Much better. I have been using the following to get around the problem:

=DATE(YEAR(NOW()),MONTH(NOW()),DAY(NOW()))

Thanks

### Confused

If you wish to stay with the NOW() function why not use:

=INT(NOW())  ?

### That's great 1 thanks

That's cleared up the mystery of why comparing the result of a built-in function which evidently returns a 2-part compound value, with a value consisting of just one part, results in a mismatch (except at the stroke of midnight). Well I never :-p

### Apologies ronplan

I originally believed you were suggesting that it was ...

... much better to use the formula, =DATE(YEAR(NOW()),MONTH(NOW()),DAY(NOW()))

### Int

Apologies accepted.
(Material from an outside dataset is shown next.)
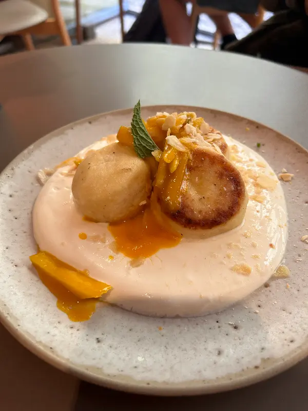 다른 날 방문했을 때, 팬케이크가 궁금해서 주문해 보았다. 이곳의 팬케이크는 흔히 생각하는 팬케이크와는 조금 다른 비주얼이었다. 겉은 바삭하고 속은 촉촉한, 독특한 식감이 인상적이었다.

I could have said it better.

Good idea on the "Int". I could also have used =TRUNC((NOW)).

Sometimes I just carry some old baggage around from when it used to be harder. Then again, I may just be getter foggier with age (is that where "old fogie" comes from?).

### Enlightened 1 thanks

never thought why today() returned 41068 now i know,

just found out i have lived 12,238 days in this planet

### I would have thought the

I would have thought the cross section of Excel users who are competant enough to use the NOW() function within formulae, but didn't know how Excel handles and stores date values would be quite slim.

### Good reason to look through the whole function list 1 thanks

Every now and then - usually while writing a formula if not under presure (huh!) - I like to scan the function library from the formula bar just to see if there is anything I've missed or that looks useful now or in future. That way you stand chance of spotting that there is both TODAY() and NOW() and giving yourself the choice.

I'm continually puzzled by the numbers of people - even working as accountants - who are very limited in their use of Excel (and I'm not talking about writing macros here) to the point where at best they make more work for themselves and at worst introduce errors and misconceptions like reconciling a number to itself.

### Brian,

Brian,

The upside/downside to Excel is that there are numerous ways to accomplish the same task. INT(NOW()) certainly accomplishes the task, but TODAY() gets it done with one function, and will be easier for most users to remember. In any case, thanks for enriching my article with a great alternative.

David

### Nuncle,

Nuncle,

In over two decades as a spreadsheet consultant and trainer I've observed that even experienced users have a surprising number of blindspots in Excel. For instance, an article I wrote for AccountingWEB.com regarding hiding and unhiding rows and columns has had over 100,000 reads as of this writing.